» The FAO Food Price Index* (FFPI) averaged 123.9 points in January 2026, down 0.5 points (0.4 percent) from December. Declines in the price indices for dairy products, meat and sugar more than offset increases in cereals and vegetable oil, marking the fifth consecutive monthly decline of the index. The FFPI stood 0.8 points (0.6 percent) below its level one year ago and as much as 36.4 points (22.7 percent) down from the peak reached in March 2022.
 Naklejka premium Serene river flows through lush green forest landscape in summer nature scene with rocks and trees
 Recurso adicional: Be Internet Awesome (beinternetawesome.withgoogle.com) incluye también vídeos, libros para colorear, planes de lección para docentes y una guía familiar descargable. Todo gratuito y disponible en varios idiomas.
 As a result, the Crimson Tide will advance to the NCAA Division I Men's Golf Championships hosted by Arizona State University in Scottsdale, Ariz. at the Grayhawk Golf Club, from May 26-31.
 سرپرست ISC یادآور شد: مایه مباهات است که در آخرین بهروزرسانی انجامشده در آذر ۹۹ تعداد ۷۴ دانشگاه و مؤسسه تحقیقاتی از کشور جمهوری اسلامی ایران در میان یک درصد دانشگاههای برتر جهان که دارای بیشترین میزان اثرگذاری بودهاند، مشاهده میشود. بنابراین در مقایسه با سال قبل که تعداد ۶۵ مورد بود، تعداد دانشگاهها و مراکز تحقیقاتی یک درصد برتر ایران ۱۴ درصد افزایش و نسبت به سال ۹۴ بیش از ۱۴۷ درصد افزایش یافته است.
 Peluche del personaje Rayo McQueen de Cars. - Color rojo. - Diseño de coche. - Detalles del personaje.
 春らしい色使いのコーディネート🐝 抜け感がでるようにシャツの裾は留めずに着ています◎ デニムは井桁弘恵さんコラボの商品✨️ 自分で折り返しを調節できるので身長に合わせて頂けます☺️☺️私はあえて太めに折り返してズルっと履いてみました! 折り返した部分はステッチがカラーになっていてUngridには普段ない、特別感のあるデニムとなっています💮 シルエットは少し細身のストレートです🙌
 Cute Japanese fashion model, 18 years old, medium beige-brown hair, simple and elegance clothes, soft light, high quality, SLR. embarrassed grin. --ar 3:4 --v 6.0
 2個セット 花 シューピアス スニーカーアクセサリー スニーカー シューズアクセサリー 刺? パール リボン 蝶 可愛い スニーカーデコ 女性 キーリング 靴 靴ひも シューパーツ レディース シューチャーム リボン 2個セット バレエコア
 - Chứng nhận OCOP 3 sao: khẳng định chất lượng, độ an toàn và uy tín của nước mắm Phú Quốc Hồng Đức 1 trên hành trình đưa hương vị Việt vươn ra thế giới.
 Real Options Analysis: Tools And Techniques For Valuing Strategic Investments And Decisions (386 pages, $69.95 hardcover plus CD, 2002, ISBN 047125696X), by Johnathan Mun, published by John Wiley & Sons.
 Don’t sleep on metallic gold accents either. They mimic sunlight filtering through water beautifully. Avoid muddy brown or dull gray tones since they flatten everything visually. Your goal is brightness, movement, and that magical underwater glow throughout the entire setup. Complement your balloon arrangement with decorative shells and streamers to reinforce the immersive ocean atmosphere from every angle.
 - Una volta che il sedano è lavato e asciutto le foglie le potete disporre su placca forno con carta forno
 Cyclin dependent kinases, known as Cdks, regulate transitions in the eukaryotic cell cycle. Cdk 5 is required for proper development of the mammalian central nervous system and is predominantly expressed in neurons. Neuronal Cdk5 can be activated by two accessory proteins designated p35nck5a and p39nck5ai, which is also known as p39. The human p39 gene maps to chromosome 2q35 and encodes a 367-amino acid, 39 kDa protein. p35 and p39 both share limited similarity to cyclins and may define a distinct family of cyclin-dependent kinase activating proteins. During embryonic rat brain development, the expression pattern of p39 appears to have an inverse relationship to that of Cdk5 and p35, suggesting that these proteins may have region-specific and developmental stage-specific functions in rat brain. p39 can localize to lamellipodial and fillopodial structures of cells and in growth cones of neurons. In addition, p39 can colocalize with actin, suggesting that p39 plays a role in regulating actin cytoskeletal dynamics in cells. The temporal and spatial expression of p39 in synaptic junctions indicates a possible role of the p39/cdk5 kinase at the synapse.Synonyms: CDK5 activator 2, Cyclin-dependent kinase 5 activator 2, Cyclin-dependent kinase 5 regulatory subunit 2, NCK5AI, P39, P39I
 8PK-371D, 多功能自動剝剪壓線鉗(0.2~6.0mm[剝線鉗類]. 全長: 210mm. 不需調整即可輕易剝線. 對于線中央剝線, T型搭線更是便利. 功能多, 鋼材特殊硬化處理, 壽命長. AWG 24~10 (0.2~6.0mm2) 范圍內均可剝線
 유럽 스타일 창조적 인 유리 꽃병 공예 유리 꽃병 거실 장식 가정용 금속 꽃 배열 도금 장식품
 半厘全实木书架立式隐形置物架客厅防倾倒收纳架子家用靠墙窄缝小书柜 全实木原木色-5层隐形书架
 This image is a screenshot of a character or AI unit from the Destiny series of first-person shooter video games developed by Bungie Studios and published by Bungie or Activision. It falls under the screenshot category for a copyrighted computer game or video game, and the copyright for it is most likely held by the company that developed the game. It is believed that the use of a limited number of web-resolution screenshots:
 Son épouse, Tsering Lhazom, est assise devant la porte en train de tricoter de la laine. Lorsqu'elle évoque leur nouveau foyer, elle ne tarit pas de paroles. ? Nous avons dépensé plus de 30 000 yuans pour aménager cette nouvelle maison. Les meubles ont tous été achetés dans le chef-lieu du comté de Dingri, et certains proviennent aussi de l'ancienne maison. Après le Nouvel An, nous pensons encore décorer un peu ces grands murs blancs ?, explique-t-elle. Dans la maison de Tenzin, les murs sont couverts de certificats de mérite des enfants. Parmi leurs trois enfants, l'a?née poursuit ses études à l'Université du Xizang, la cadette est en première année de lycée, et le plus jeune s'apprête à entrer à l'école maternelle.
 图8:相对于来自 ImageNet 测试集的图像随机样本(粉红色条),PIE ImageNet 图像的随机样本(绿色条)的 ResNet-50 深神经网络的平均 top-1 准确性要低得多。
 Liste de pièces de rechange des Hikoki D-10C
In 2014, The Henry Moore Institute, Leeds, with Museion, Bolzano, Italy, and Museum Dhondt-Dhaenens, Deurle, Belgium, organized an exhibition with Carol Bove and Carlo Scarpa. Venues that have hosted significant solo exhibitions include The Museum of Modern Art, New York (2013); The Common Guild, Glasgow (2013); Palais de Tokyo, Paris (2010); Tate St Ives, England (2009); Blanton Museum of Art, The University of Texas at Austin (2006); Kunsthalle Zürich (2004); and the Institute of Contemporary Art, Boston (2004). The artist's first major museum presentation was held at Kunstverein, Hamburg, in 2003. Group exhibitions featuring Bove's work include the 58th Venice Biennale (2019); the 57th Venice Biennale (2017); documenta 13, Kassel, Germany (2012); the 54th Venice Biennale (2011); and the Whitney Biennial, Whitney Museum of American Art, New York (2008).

-=-=-

→ ASSIGNED TASK: Check each line of the entries above, and show every one holding the word "first".

→ RESPONSE BELOW:
 This image is a screenshot of a character or AI unit from the Destiny series of first-person shooter video games developed by Bungie Studios and published by Bungie or Activision. It falls under the screenshot category for a copyrighted computer game or video game, and the copyright for it is most likely held by the company that developed the game. It is believed that the use of a limited number of web-resolution screenshots:
In 2014, The Henry Moore Institute, Leeds, with Museion, Bolzano, Italy, and Museum Dhondt-Dhaenens, Deurle, Belgium, organized an exhibition with Carol Bove and Carlo Scarpa. Venues that have hosted significant solo exhibitions include The Museum of Modern Art, New York (2013); The Common Guild, Glasgow (2013); Palais de Tokyo, Paris (2010); Tate St Ives, England (2009); Blanton Museum of Art, The University of Texas at Austin (2006); Kunsthalle Zürich (2004); and the Institute of Contemporary Art, Boston (2004). The artist's first major museum presentation was held at Kunstverein, Hamburg, in 2003. Group exhibitions featuring Bove's work include the 58th Venice Biennale (2019); the 57th Venice Biennale (2017); documenta 13, Kassel, Germany (2012); the 54th Venice Biennale (2011); and the Whitney Biennial, Whitney Museum of American Art, New York (2008).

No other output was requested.